WHAT TO DO ▸
Return, without pictures, the lines from the start of the data through the one that contains "Tonight the Sarah".

=-=-=-=-=

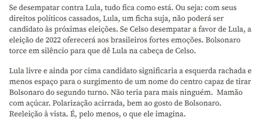 De acordo com o portal de notícias online da revista ‘Veja’, para Bolsonaro ter Lula como adversário direto nas próximas eleições presidenciais seria uma ótima jogada e com a quase certeza de vitória.
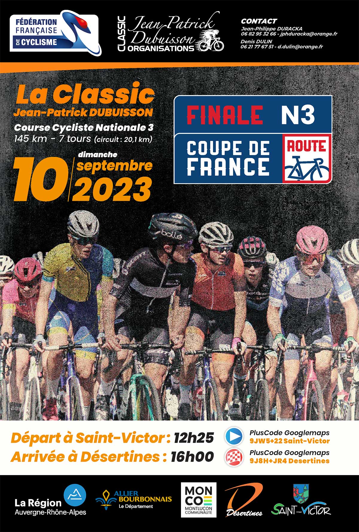 Accueil › Résultats › Résultats - Route Résultats - Route 2023 - Coupe de France des Clubs N3 - M3 - Finale - Classic Jean Patrick Dubuisson Publié le jeudi 7 septembre 2023 Mis à jour le dimanche 10 septembre 2023 par Frédéric Lafargue Liste des Engagés N3 Liste de départ Résultats Complets Liste des Engagés U19 classement U19 Accueil Retour à la rubrique
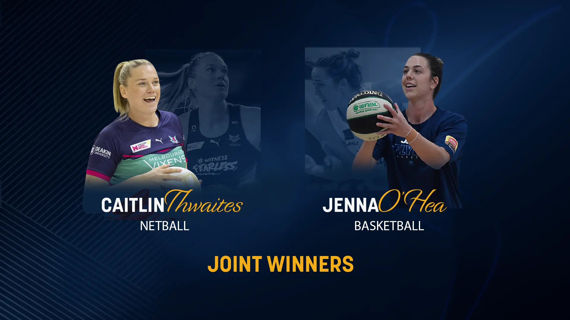 Tonight the Sarah Tait Spirit Award was presented for the first time ever to joint winners, Jenna OHea and Caitlin Thwaites at the 2020 Victorian Institute of Sport Awards.
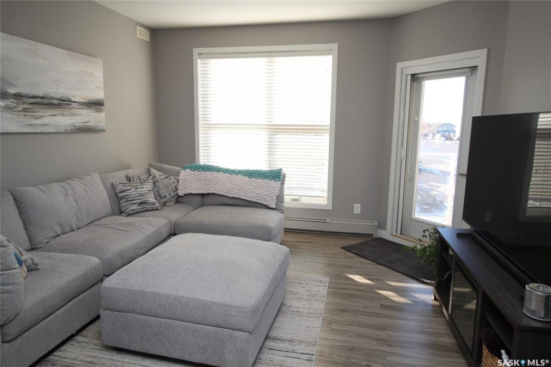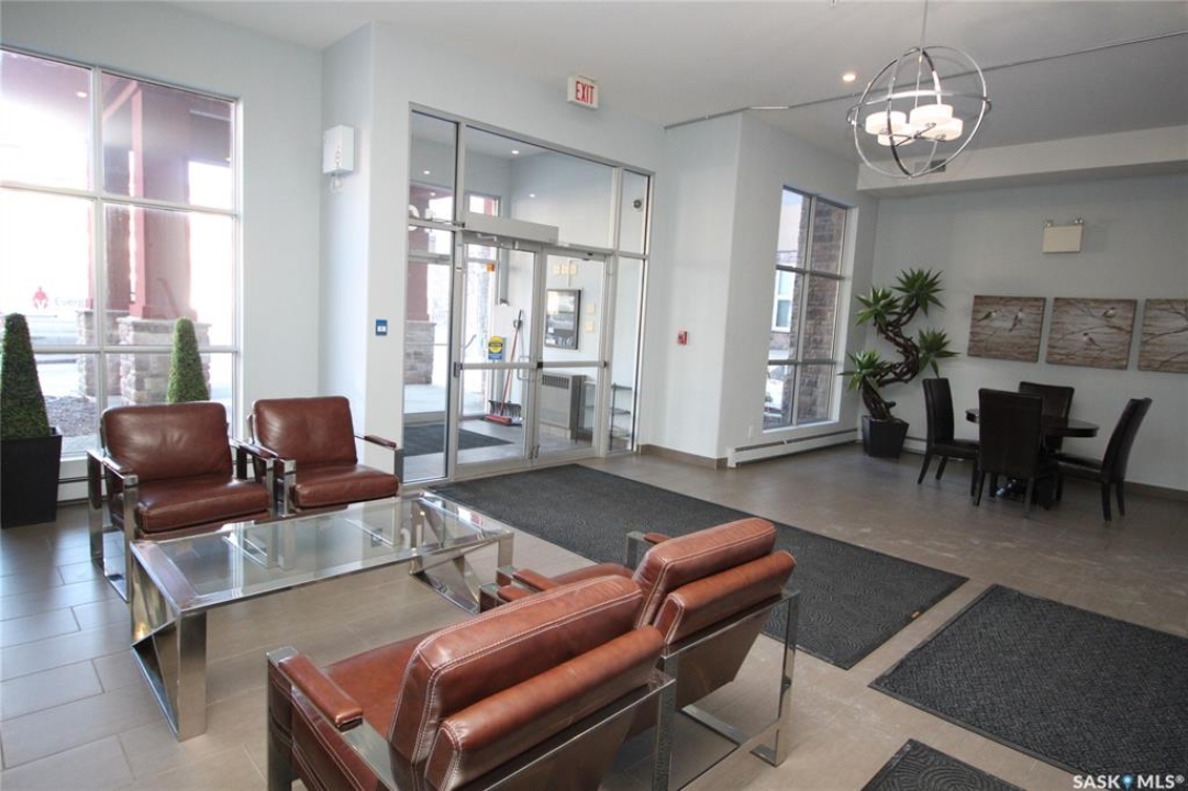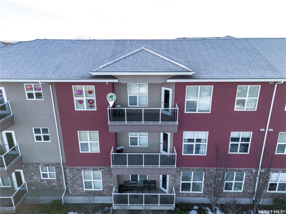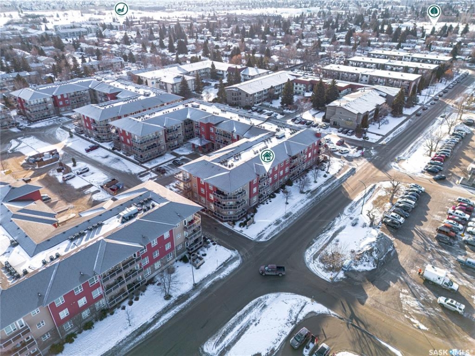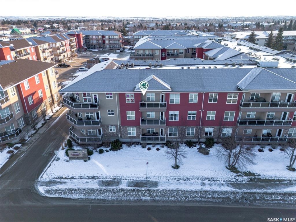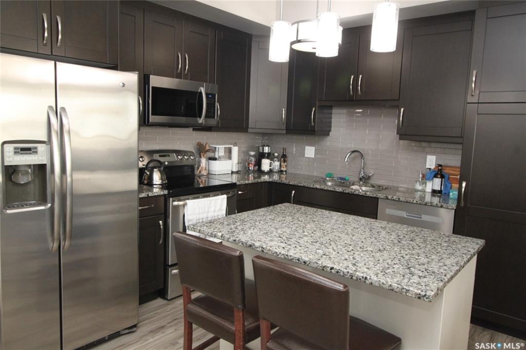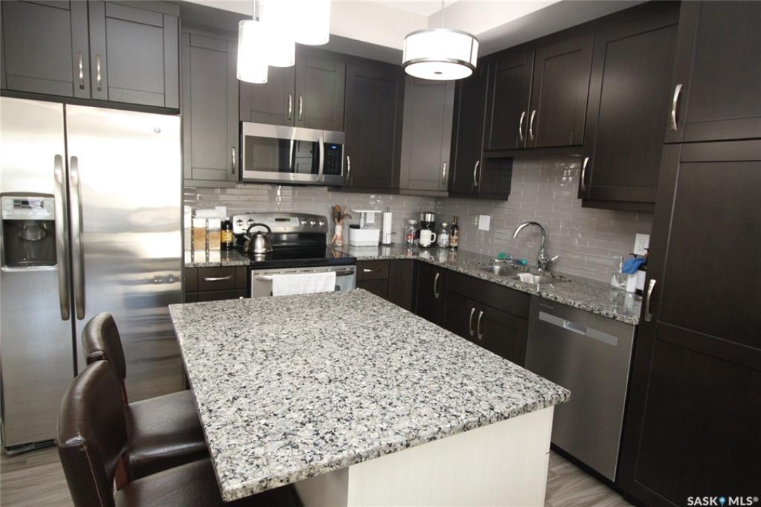 Located in one of Saskatoon's most desirable communities. Top floor 2-bedroom 1055 sq ft condo with an unobstructed view to the west. Kitchen has granite countertops, rich espresso cabinets with soft-close drawers, dual undermount sink and stainless steel appliances. Large living room with a garden door that leads from the living room to the west-facing deck. The door has a convenient phantom screen and the deck has a gas barbeque hookup. Spacious primary bedroom with a 3-piece en-suite and a walk-through closet. Laminate flooring throughout most of the condo. The in-suite laundry room is large enough to accommodate additional storage. One underground parking stall and one electrified ground-level parking stall. This complex has a guest suite that may be rented, an amenities room and an exercise room. Additional storage is located in front of the underground parking stall. Several visitor parking stalls are located throughout the complex. Great location. Close to 8th Street shopping and restaurants and easy access to Circle Drive.
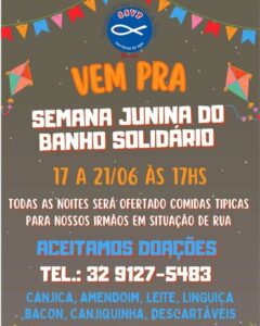 A Semana Junina do Banho Solidário começou nesta segunda-feira e se estende até sexta-feira, dia 21 de junho. A partir das 17h, são ofertas comidas típicas, acolhimento e animação.
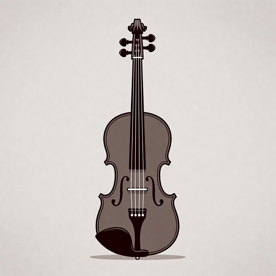 A simple line art illustration of a violin stands upright against a plain light gray background. The violin features detailed f-holes, strings, and a chin rest, rendered in shades of brown and gray. A subtle shadow beneath adds a sense of depth.
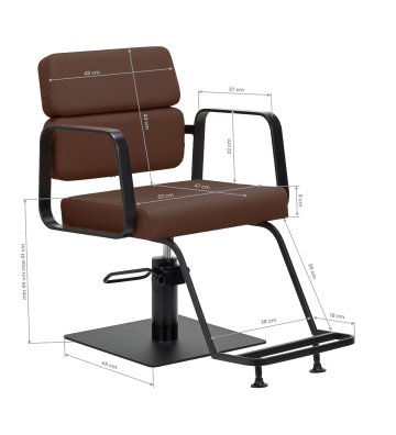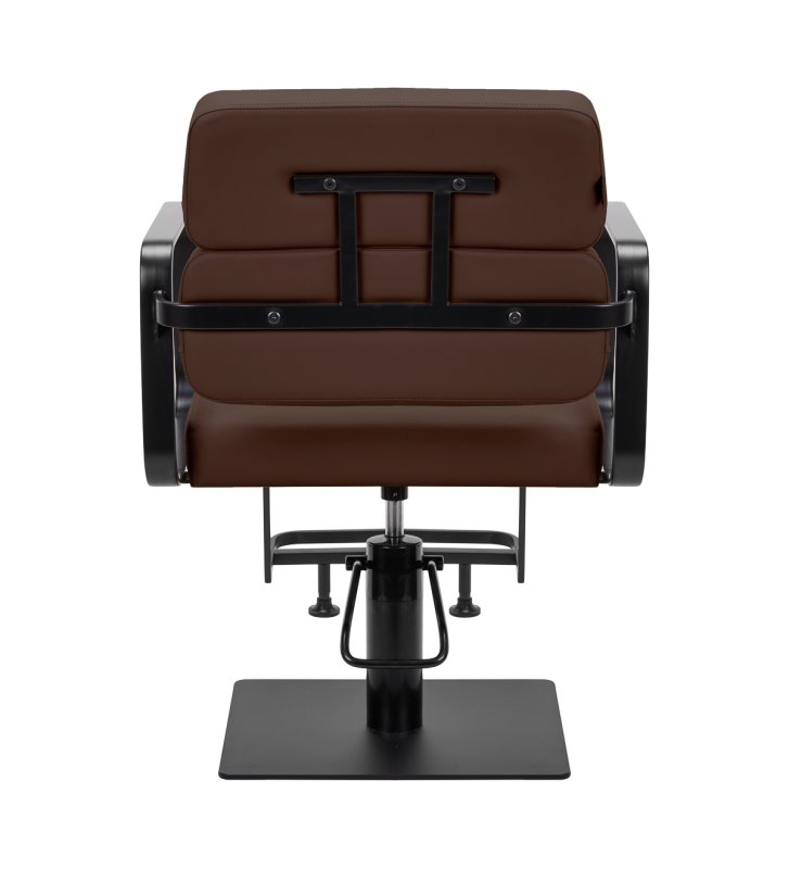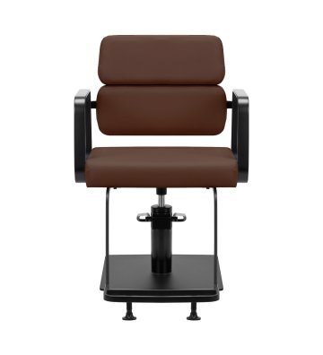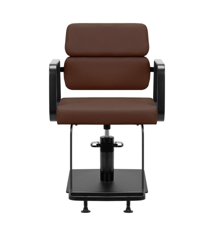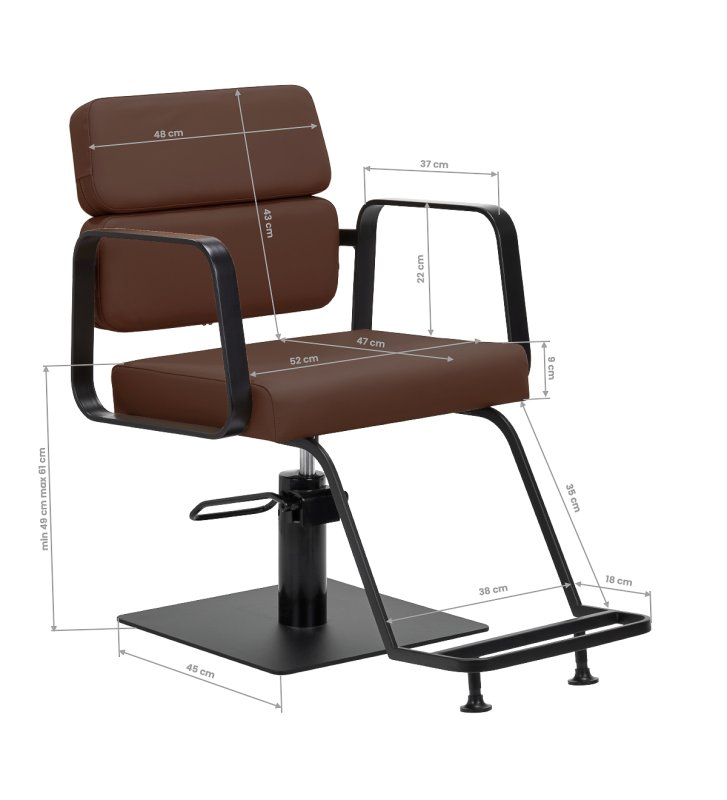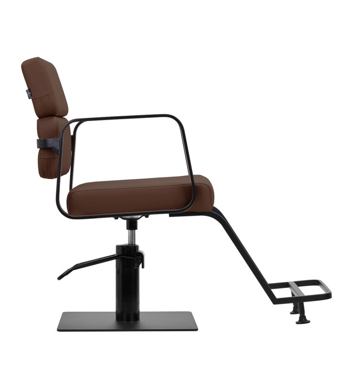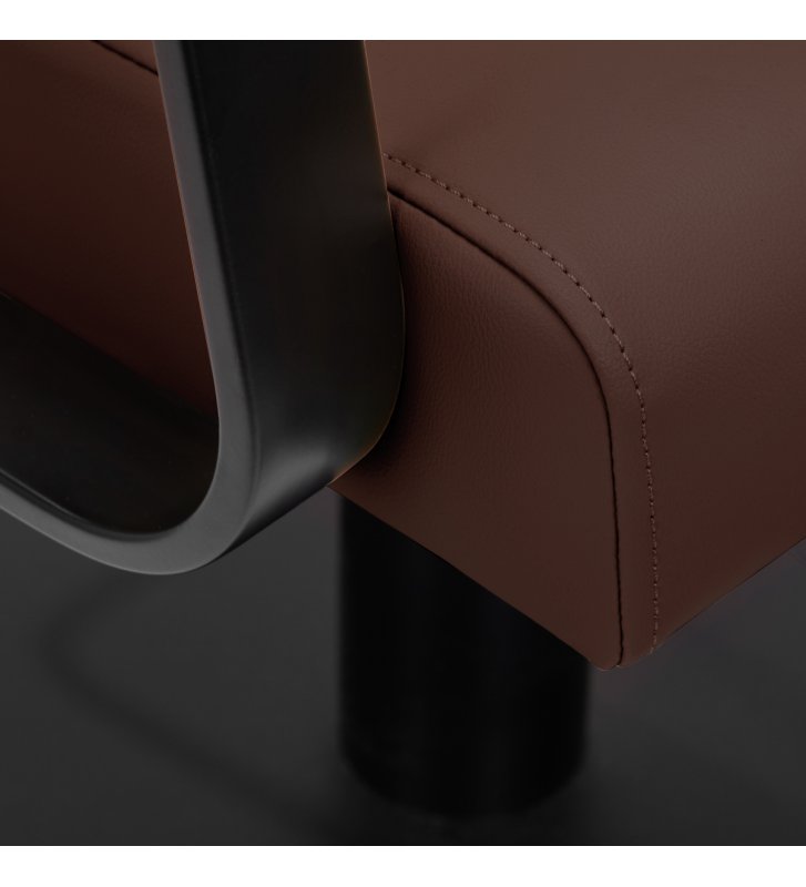 Mechanizm pełnego obrotu, w który jest wyposażony fotel, sprawia, że praca fryzjera staje się bardziej efektywna i wygodna. Solidna, płaska podstawa w kształcie kwadratu gwarantuje stabilność w trakcie użytkowania. Matowo wykończona, gładka powierzchnia nadaje elementowi elegancki wygląd i sprawia, że ten jest łatwy do utrzymania w czystości. Wygodne siedzisko z wypełnieniem z pianki zapewnia wysoki komfort użytkowania, nawet podczas wielogodzinnych zabiegów. Geometryczne, metalowe podłokietniki pozwalają na prawidłowe ułożenie barków klienta – sprawia to, że nie chowa głowy w ramionach ani się nie garbi – co wyraźnie ułatwia wykonywanie precyzyjnych zabiegów, w tym strzyżenia. Dedykowany do tego modelu stylowy podnóżek zapewnia stabilne oparcie dla stóp użytkownika.
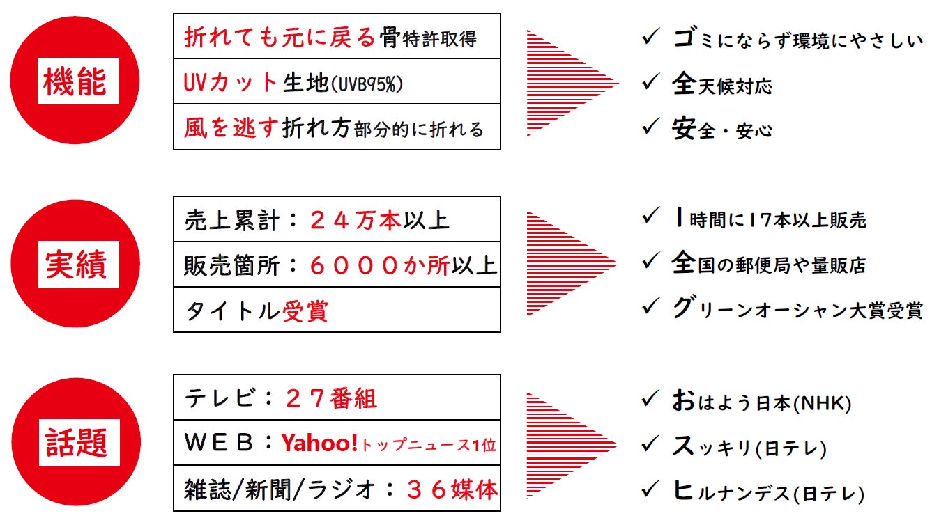 2017年6月に販売を開始して、21ヵ月で24万本以上を売り上げている傘です。使い捨てのビニール傘のゴミが環境に与える悪影響を軽減するような傘として開発されました。その特徴は”折れても元に戻る”構造です。あえて折れるという逆転の発想で話題になり、各種メディアに取り上げられています。
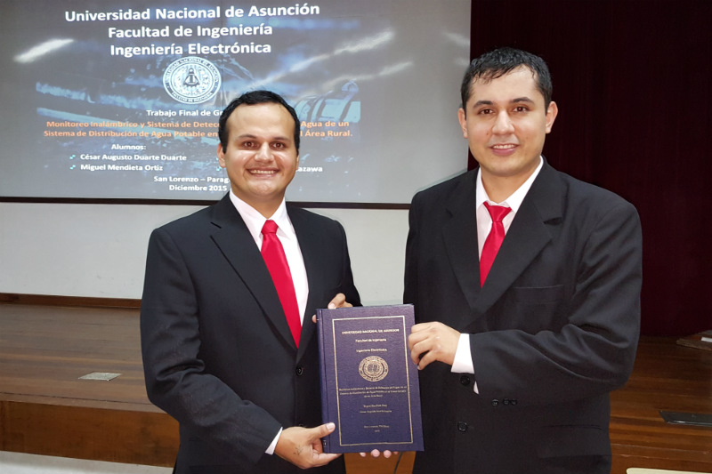 “Monitoreo Inalámbrico y Sistema de Detección de Pérdidas de Agua de un Sistema de Distribución de Agua Potable en el Casco Urbano de un Área Rural” se titula el trabajo presentado por Cesar Augusto Duarte y Miguel Mendieta, como trabajo final de grado para culminar sus estudios de ingeniería electrónica en la Facultad de Ingeniería de la Universidad Nacional de Asunción (FIUNA).

=-=-=-=-=

EXPECTED ANSWER ▸
 De acordo com o portal de notícias online da revista ‘Veja’, para Bolsonaro ter Lula como adversário direto nas próximas eleições presidenciais seria uma ótima jogada e com a quase certeza de vitória.
 Accueil › Résultats › Résultats - Route Résultats - Route 2023 - Coupe de France des Clubs N3 - M3 - Finale - Classic Jean Patrick Dubuisson Publié le jeudi 7 septembre 2023 Mis à jour le dimanche 10 septembre 2023 par Frédéric Lafargue Liste des Engagés N3 Liste de départ Résultats Complets Liste des Engagés U19 classement U19 Accueil Retour à la rubrique
 Tonight the Sarah Tait Spirit Award was presented for the first time ever to joint winners, Jenna OHea and Caitlin Thwaites at the 2020 Victorian Institute of Sport Awards.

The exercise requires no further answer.